TASK INSTRUCTIONS: The records that follow are to be given again exactly. Do not carry over any image.
(DATA SECTION begins)
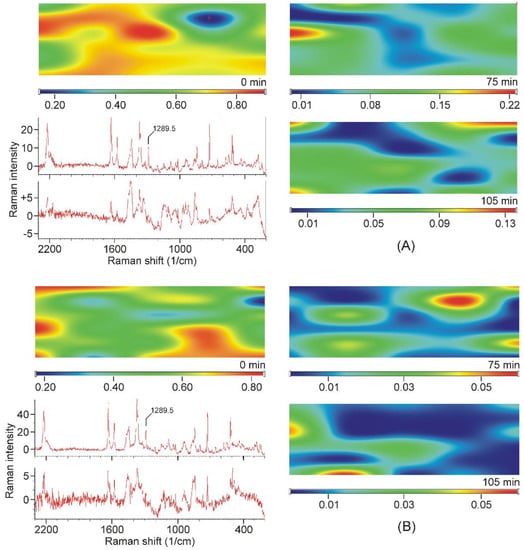 Examples of Raman-intensity maps constructed from the Raman spectra recorded at the grid points, using the intensities at 1289.5 cm−1 of the TER-DIMEB (A) and the TER-HPBCD mixture (B). Top left corner: Mixture of the starting materials. On the right: The maps of the samples taken in the final stage of grinding. Bottom left: Upper spectrum recorded in the high-intensity area of the map of the non-grinded mixture. Lower spectrum recorded at the low-intensity area of the map of the sample ground for 75 min (position marked with a red cross).
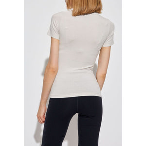 light grey cotton blend jersey texture crew neck logo print to the front short sleeves straight hem We've partnered Logo cotton t-shirt Size and Fit - This piece fits true to size. We recommend you get your regular size. Model is 1,75m / 5ft 8in wearing size S
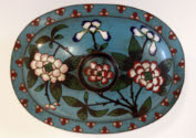 DescriptionSmall, covered, cloisenne dish. Oval in shape. LId seems to be stuck onto the dish. LIght blue backround. Floral design with green leaves and white, red, pink, and blue flowers. Lid has a finial with a single flower on it. Bottom is plain blue.On View
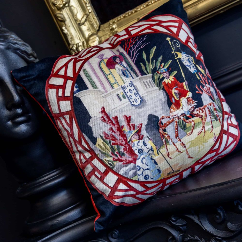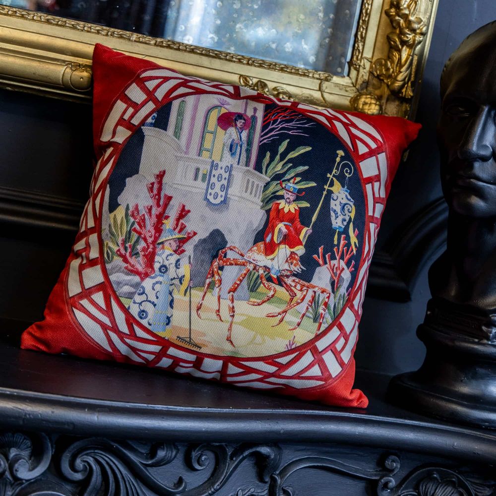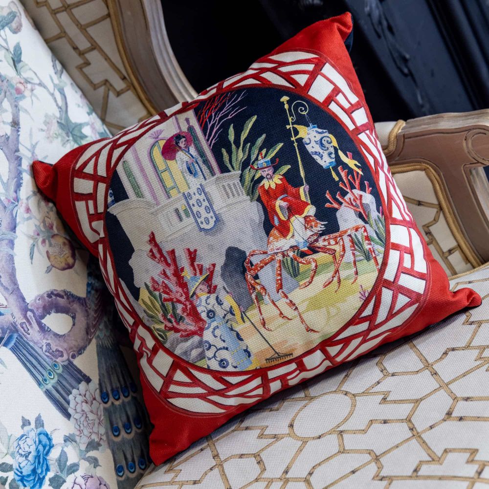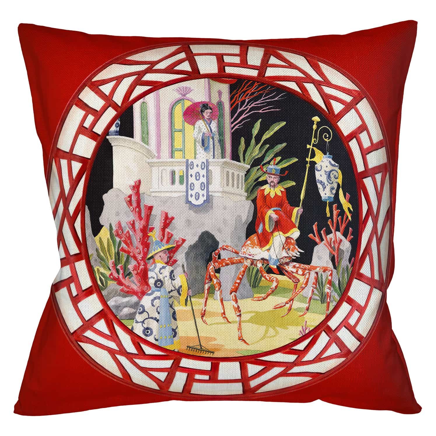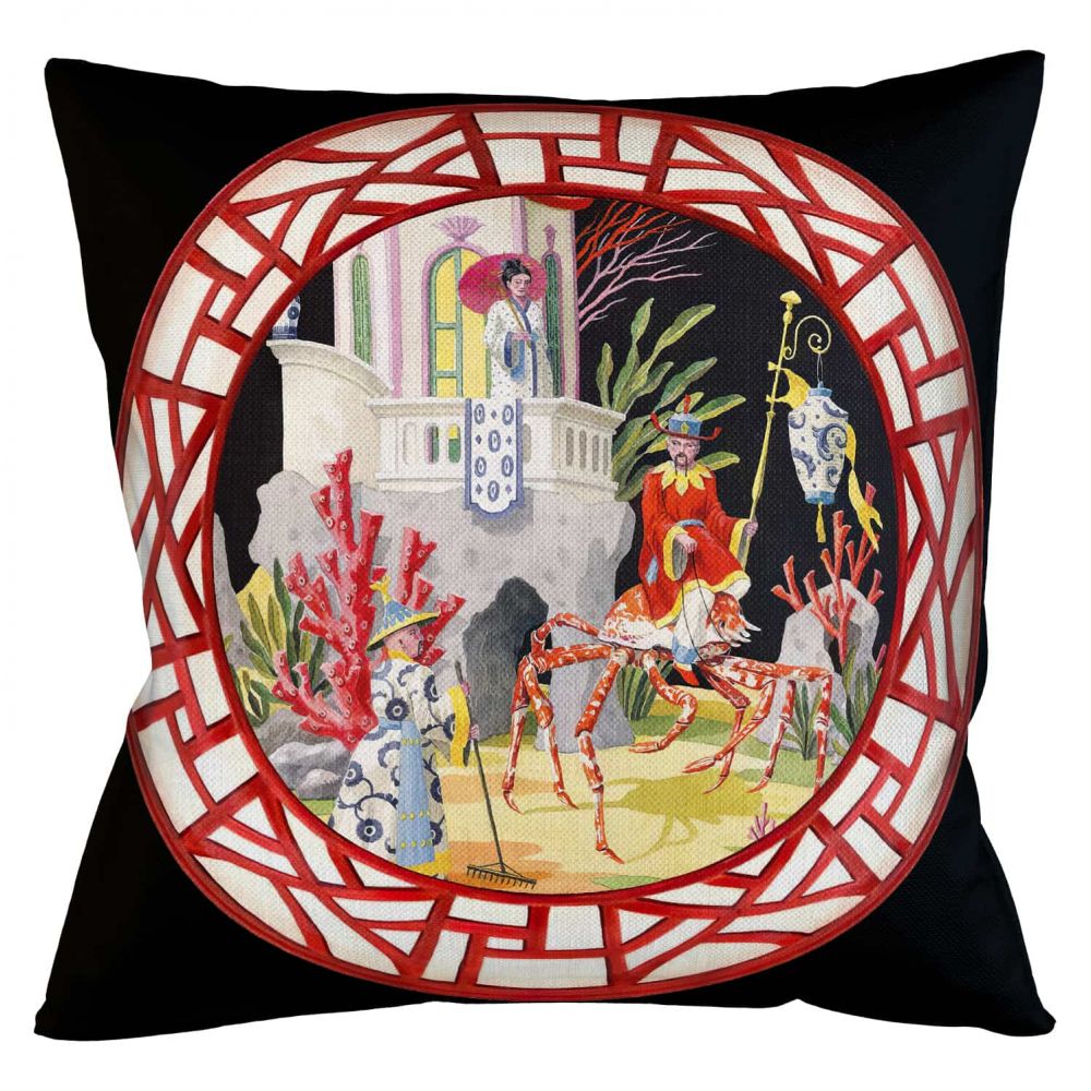 Подушка «Ориентали» – это не просто аксессуар, а законченное произведение искусства в стиле шинуазри. Она мгновенно очаровывает, погружая в атмосферу спокойствия и таинственной сказки о всаднике, путешествующем на гигантском крабе. Этот предмет становится ярким смысловым центром, который связывает классические мотивы и очарование Востока, привнося в любой интерьер утонченность, энергию и дух путешествий.
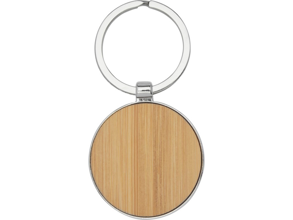 Круглый брелок премиум-качества из бамбука с металлическим корпусом из цинкового сплава, поставляемый в коричневой упаковке из шрифтовой бумаги. Диаметр брелка составляет 3 см. Подходит для лазерной гравировки.
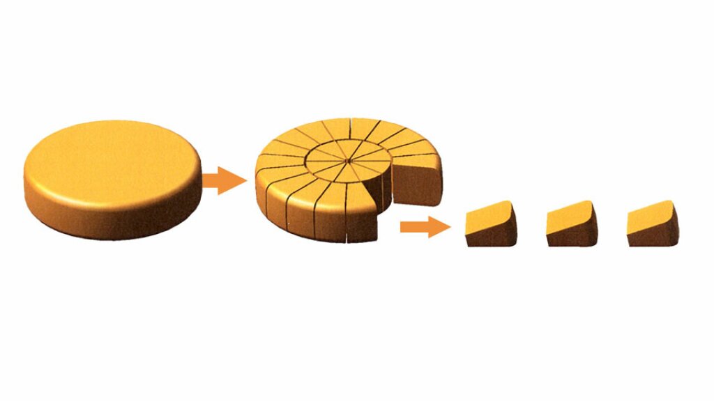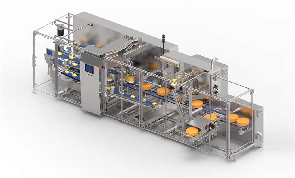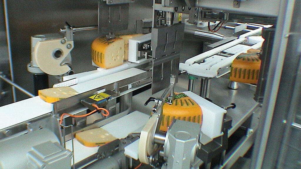 Spitzensegmente – sowohl von der Optik als auch vom Gewicht. Jeder Laib wird vermessen und gewogen und anschließend im Einzelschnitt in die gewünschte Portionsgröße geschnitten. Die Segmente verlassen hintereinander ausgerichtet den SC 90 und können automatisch der Verpackungsmaschine zugeführt werden.
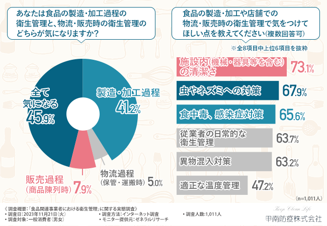 食品の製造から消費者の手に渡るまで、全ての過程において衛生管理が気になる方が多いことが明らかになりました。
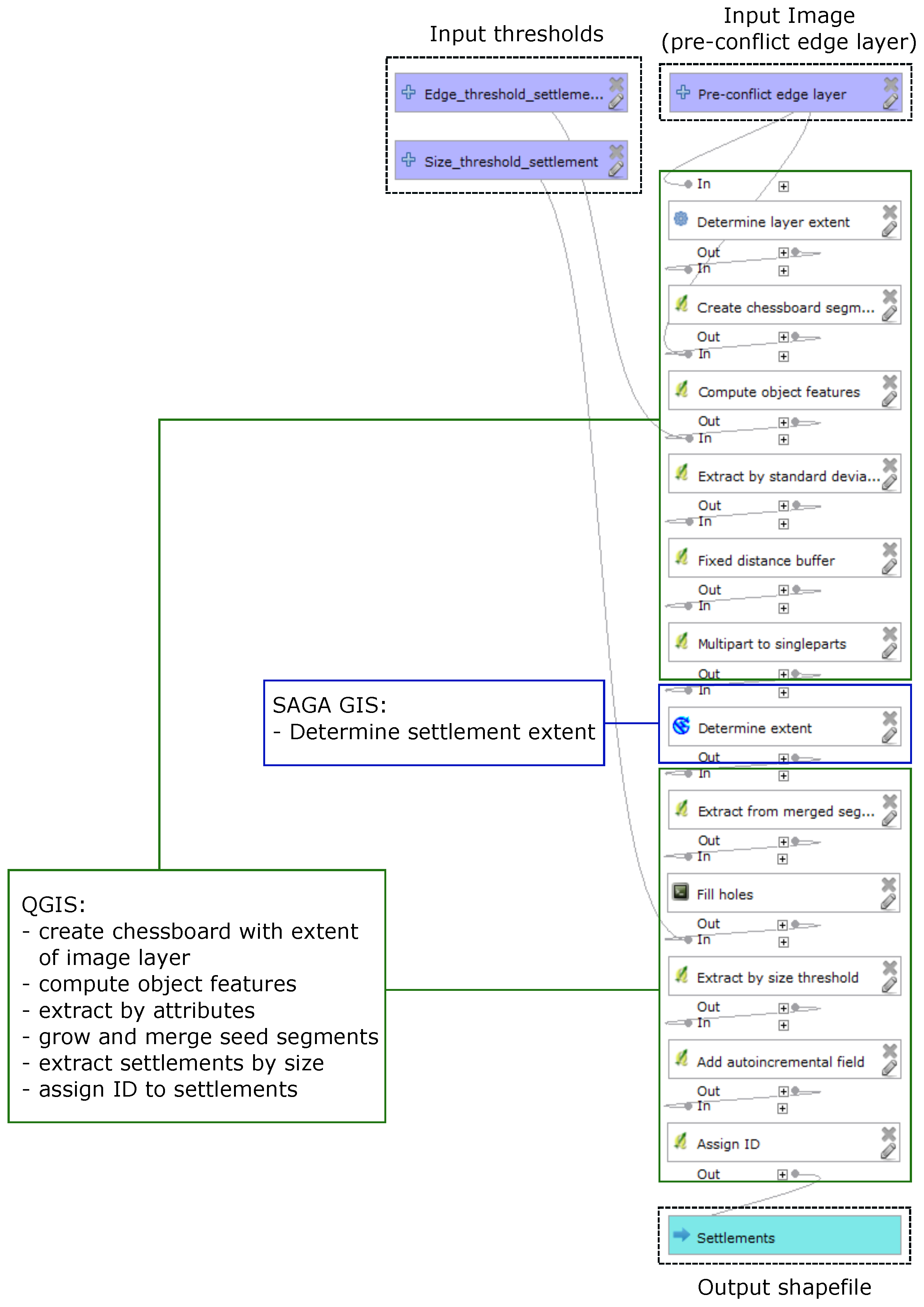 | Create settlement area objects by growing and merging candidate segments that are within proximity (100 m max) to each other (ignore isolated candidates) | QGIS: Fixed distance buffer QGIS:Multipart to singleparts SAGA:Polygon shape indices QGIS:Extract by attribute QGIS:Fill holes | Settlement detection |
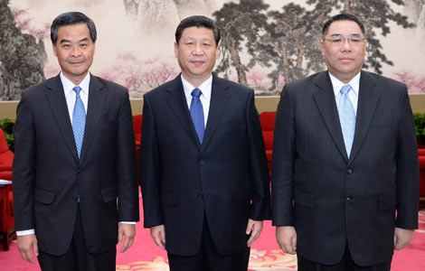 Chinese president Xi Jinping on Monday met CY Leung and Chui Sai On, chief executives of Hong Kong and Macao special administrative regions(SAR), fully endorsing their work and that of their respective governments.
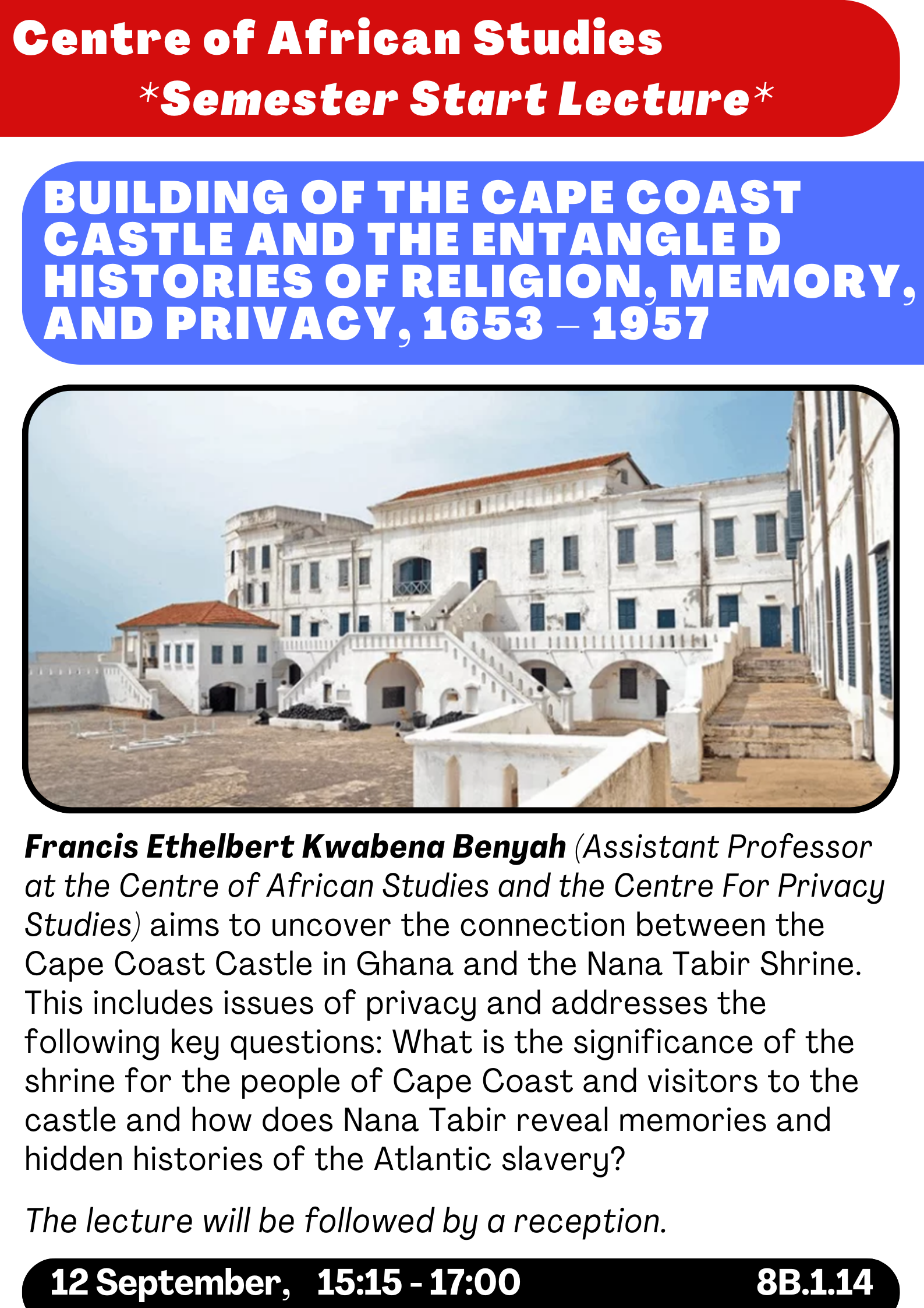 The lecture will be delivered by Assistant Professor at the Centre of African Studies and the Centre For Privacy Studies, Francis Ethelbert Kwabena Benyah. A reception will follow the lecture.
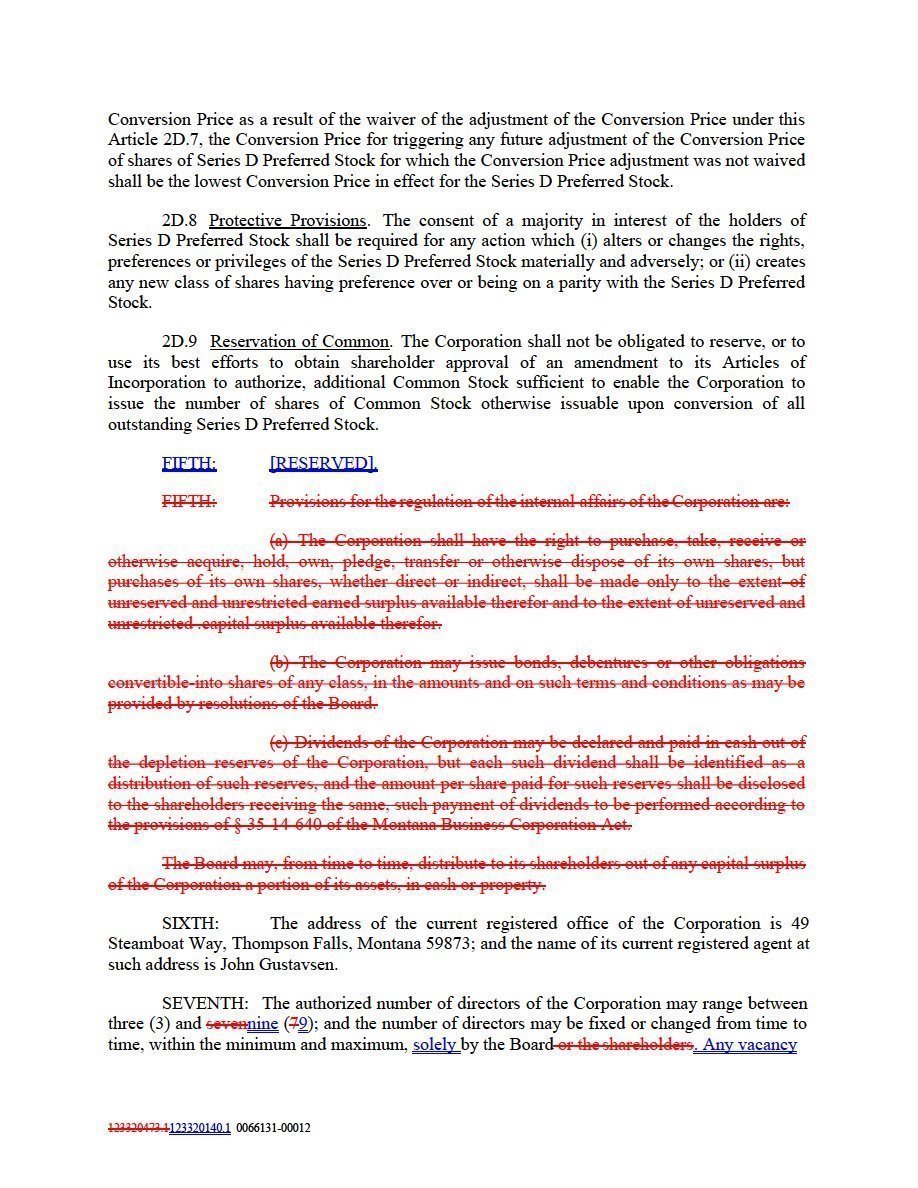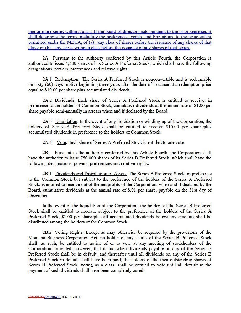 1 Will refer to Existing Articles if the Restated Articles are not approved by the Company’s shareholders and filed with the Montana Secretary of State
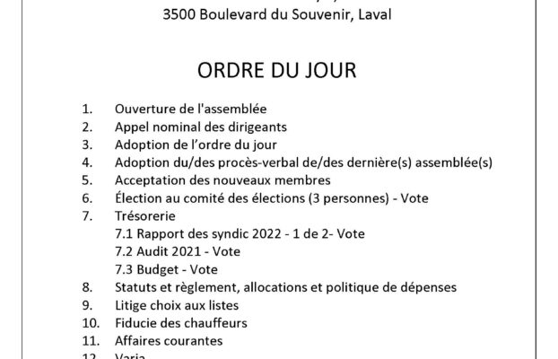 RAPPEL: Demain 11 Janvier 2023: Assemblée générale régulière Pierre Martin Syndicat / ApplicationTVVie Syndicale 10 janvier 2023 Vous devez être connecté pour accéder à cette page. - 0
(DATA SECTION ends)
SOLUTION TO THIS TASK:
 Examples of Raman-intensity maps constructed from the Raman spectra recorded at the grid points, using the intensities at 1289.5 cm−1 of the TER-DIMEB (A) and the TER-HPBCD mixture (B). Top left corner: Mixture of the starting materials. On the right: The maps of the samples taken in the final stage of grinding. Bottom left: Upper spectrum recorded in the high-intensity area of the map of the non-grinded mixture. Lower spectrum recorded at the low-intensity area of the map of the sample ground for 75 min (position marked with a red cross).
 light grey cotton blend jersey texture crew neck logo print to the front short sleeves straight hem We've partnered Logo cotton t-shirt Size and Fit - This piece fits true to size. We recommend you get your regular size. Model is 1,75m / 5ft 8in wearing size S
 DescriptionSmall, covered, cloisenne dish. Oval in shape. LId seems to be stuck onto the dish. LIght blue backround. Floral design with green leaves and white, red, pink, and blue flowers. Lid has a finial with a single flower on it. Bottom is plain blue.On View
 Подушка «Ориентали» – это не просто аксессуар, а законченное произведение искусства в стиле шинуазри. Она мгновенно очаровывает, погружая в атмосферу спокойствия и таинственной сказки о всаднике, путешествующем на гигантском крабе. Этот предмет становится ярким смысловым центром, который связывает классические мотивы и очарование Востока, привнося в любой интерьер утонченность, энергию и дух путешествий.
 Круглый брелок премиум-качества из бамбука с металлическим корпусом из цинкового сплава, поставляемый в коричневой упаковке из шрифтовой бумаги. Диаметр брелка составляет 3 см. Подходит для лазерной гравировки.
 Spitzensegmente – sowohl von der Optik als auch vom Gewicht. Jeder Laib wird vermessen und gewogen und anschließend im Einzelschnitt in die gewünschte Portionsgröße geschnitten. Die Segmente verlassen hintereinander ausgerichtet den SC 90 und können automatisch der Verpackungsmaschine zugeführt werden.
 食品の製造から消費者の手に渡るまで、全ての過程において衛生管理が気になる方が多いことが明らかになりました。
 | Create settlement area objects by growing and merging candidate segments that are within proximity (100 m max) to each other (ignore isolated candidates) | QGIS: Fixed distance buffer QGIS:Multipart to singleparts SAGA:Polygon shape indices QGIS:Extract by attribute QGIS:Fill holes | Settlement detection |
 Chinese president Xi Jinping on Monday met CY Leung and Chui Sai On, chief executives of Hong Kong and Macao special administrative regions(SAR), fully endorsing their work and that of their respective governments.
 The lecture will be delivered by Assistant Professor at the Centre of African Studies and the Centre For Privacy Studies, Francis Ethelbert Kwabena Benyah. A reception will follow the lecture.
 1 Will refer to Existing Articles if the Restated Articles are not approved by the Company’s shareholders and filed with the Montana Secretary of State
 RAPPEL: Demain 11 Janvier 2023: Assemblée générale régulière Pierre Martin Syndicat / ApplicationTVVie Syndicale 10 janvier 2023 Vous devez être connecté pour accéder à cette page. - 0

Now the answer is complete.